> **TASK OBJECTIVE**
Please restate exactly the lines from the one holding "Skipakke med vintage" to the end of the material, including both ends and excluding every picture.

(GIVEN DATA)

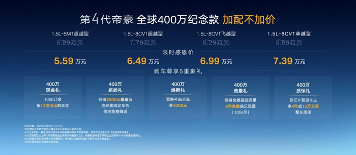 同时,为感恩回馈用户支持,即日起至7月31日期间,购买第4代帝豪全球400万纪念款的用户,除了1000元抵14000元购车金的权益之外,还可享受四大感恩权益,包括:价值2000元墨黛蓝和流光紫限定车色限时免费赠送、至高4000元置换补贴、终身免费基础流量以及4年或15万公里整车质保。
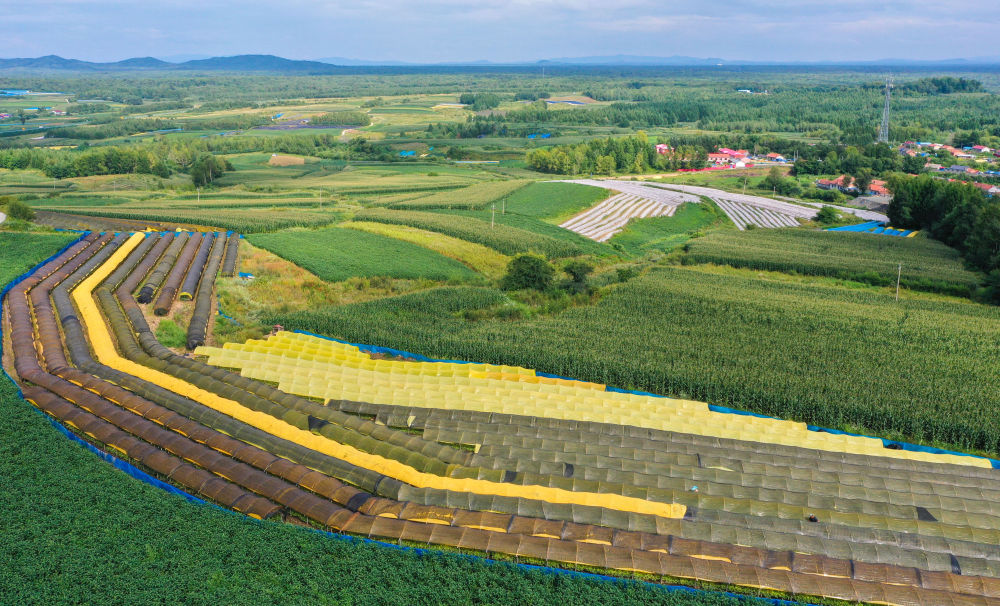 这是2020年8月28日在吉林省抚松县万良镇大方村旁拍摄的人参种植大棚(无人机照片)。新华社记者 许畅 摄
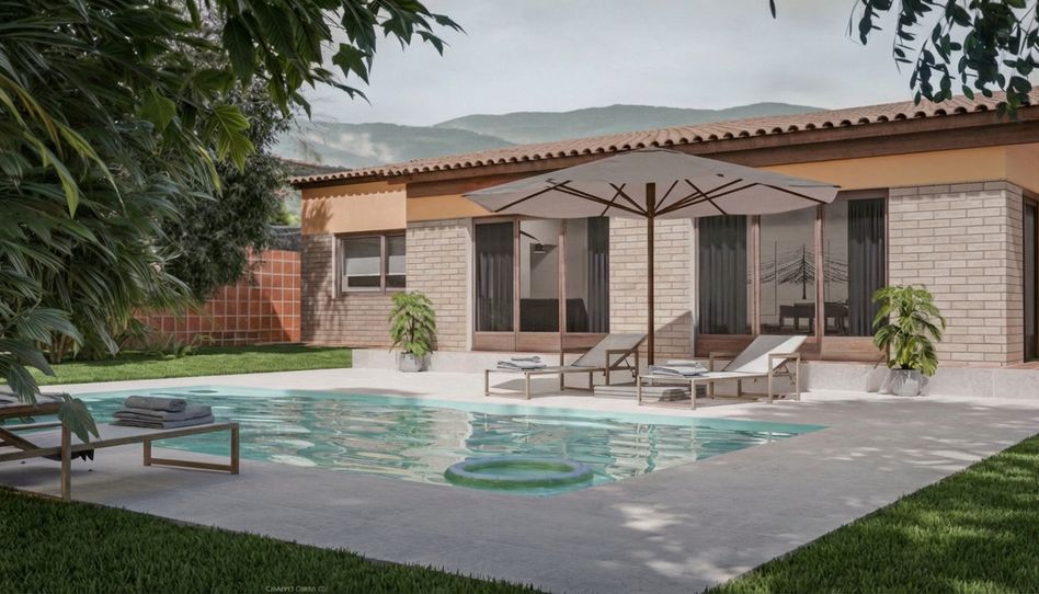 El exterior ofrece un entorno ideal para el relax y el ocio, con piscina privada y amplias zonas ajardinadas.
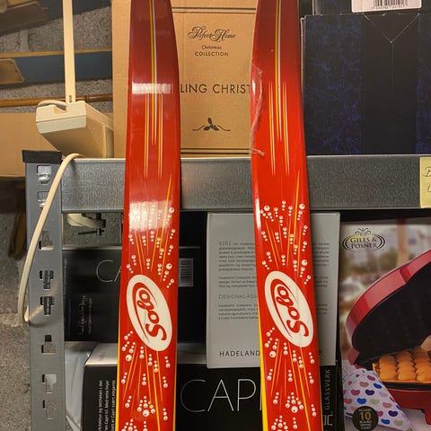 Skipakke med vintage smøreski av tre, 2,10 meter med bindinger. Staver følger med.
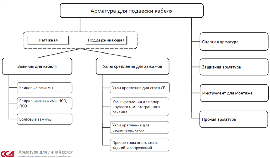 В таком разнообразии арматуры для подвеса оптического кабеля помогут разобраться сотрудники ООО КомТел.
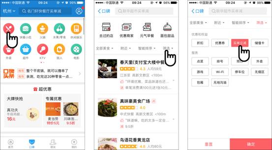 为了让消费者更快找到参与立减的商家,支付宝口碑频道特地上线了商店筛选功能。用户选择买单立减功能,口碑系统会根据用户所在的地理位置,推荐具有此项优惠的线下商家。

(End GIVEN DATA)

> **TASK RESPONSE**
 Skipakke med vintage smøreski av tre, 2,10 meter med bindinger. Staver følger med.
 В таком разнообразии арматуры для подвеса оптического кабеля помогут разобраться сотрудники ООО КомТел.
 为了让消费者更快找到参与立减的商家,支付宝口碑频道特地上线了商店筛选功能。用户选择买单立减功能,口碑系统会根据用户所在的地理位置,推荐具有此项优惠的线下商家。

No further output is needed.